We approached the Cape with conservatively reefed sails as the winds were indeed high leaving Trepassey but then ended up motoring around due to a lack of wind. This confirmed our experience of the extremes of Newfoundland weather, it either ‘blows the cows off the dyke’ as they say in Holland or there isn’t a breath of wind. We had no thoughts of complaints however, as we sailed along the 100 metres cliffs. As we approached the cape the air and water around us was suddenly chock full of thousands of sea birds, gulls, sea pigeons, turrs, razorbills, shearwaters, gannets and cheeky looking puffins to name a few that we recognised. We quickly jumped to the conclusion that there were capelin running in the area (we have slowly been filling in our knowledge of Newfoundland wildlife). 
Whooosh! Suddenly we were also surrounded by another, much larger, capelin fan. Humpbacks and fin whales were feeding around us. Water spouts kept erupting and you could hardly get a “Thar she blows!” past your lips before another one broke just next to us. The humpbacks showed us some wonderful acrobatics with their tail fins often coming incredibly close to the boat . Sadly, we also saw a humpback caught in fishing gear. After some complex satellite discussions with my parents they tracked down the Newfoundland and Labrador Whale Release and Stranding organisation and we reported our sighting. Fortunately, they were aware of this whale and had already removed the majority (and dangerous) part of the gear. We bobbed slowly around the cape glancing about in absolute rapture. Slowly the feeding activity diminished and we continued up the coasts towards St. John’s.
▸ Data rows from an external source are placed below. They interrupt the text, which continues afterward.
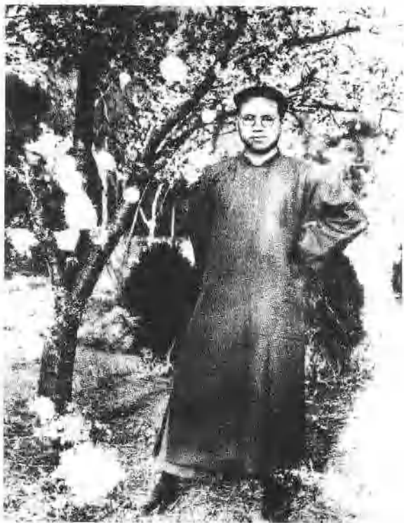
8 1925年羅榮桓在青島大學讀書時，在櫻花村前留影
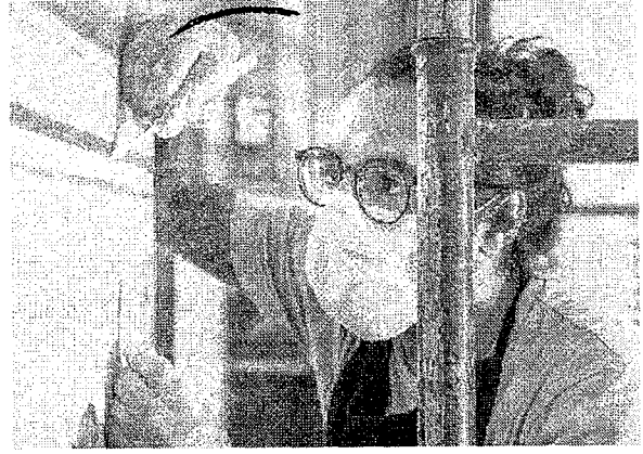
ALUNOS trabalham sob supervisão na restauração do salão

Com os olhos atentos, materiais em mãos e o cuidado em fazer um bom trabalho, os alunos do curso de conservação e restauração da Escola de Artes e Ofícios Thomaz Pompeu Sobrinho realizam o restauro do chamado salão azul do palacete histórico localizado no bairro Jacarecanga, em Fortaleza.
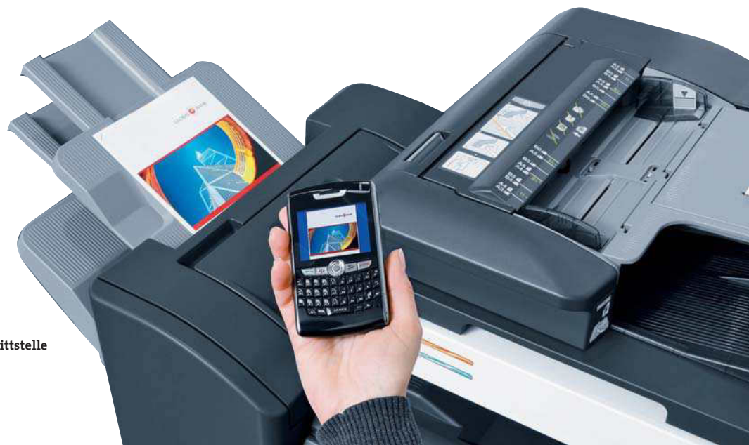
Mobiles Drucken über optionale Bluetooth-Schnittstelle
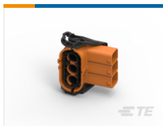
TE 产品编号1-2141166-1 3POS,8MM HV,REC HSG,90DEG,ASSY, SEALED
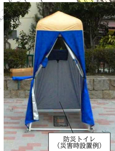
防災トイレ (災害時設置例)
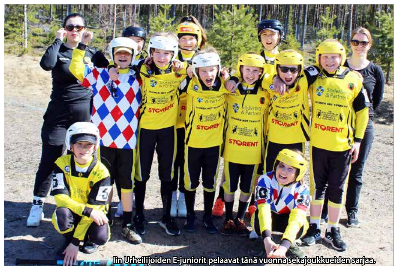
Iin Urheilijoiden E-juniorit pelaavat tänä vuonna sekajoukkueiden sarjaa.

We met the Boag family, Olous, Vicky and their kids Naya (5) and Rogan (3) in La Gomera in the Canary Islands last October when they were sailing around the Atlantic on their boat the Atmosphere. The joined us for a trip to The Gambia and we’d promised to look them up again when we got to Canada (of course at that time we thought they would be in the more accessible Saint John, New Brunswick).
Olous had arranged a very secure and protected berth for us on Long Pond, close to St. John’s and the whole family came out to welcome us when we arrived. It was great to see their friendly familiar faces and Emma and Macsen were thrilled to have some people their own size to play with. The family Boag then took us in hand and cared for our every need (entertainment, meals, laundry, showers and the use of one of their cars).
St. John’s is a great city, lacking the harsh beauty and open friendliness experienced in other areas of the province but great all the same. It is located in a narrow, cliffy bay, is extremely clean, full of charming brightly painted houses and the city and surrounding area is full of festivals, great walks and stunning scenery. At the St. John’s Folk Festival all six of the children in our group spontaneously jumped on the stage to act as back up dancers for Rose Cousins. Fortunately, she took it with great humour (see video) On three occasions we took the kids for a short trips to the beach and were able to watch whales swimming in the bay. As a final touch, Seb and I were 'screeched in' on the famous George Street, which has more pubs and bars per square metre than any street in North America. Being screeched in involves drinking a shot of local rum-like alcohol, kissing a cod fish and answering the question "Is ye an honourary Newfoundlander?" with the phrase "Indeed I is me ol' cock, and long may your big jib draw."

Macsen and Emma are also integrating well. Their favourite bedtime song is now “I's the b'y that builds the boat. ” Not very lullabyish but a nice change and more seasonal than Macsen’s previous favourite “ Jingle Bells.”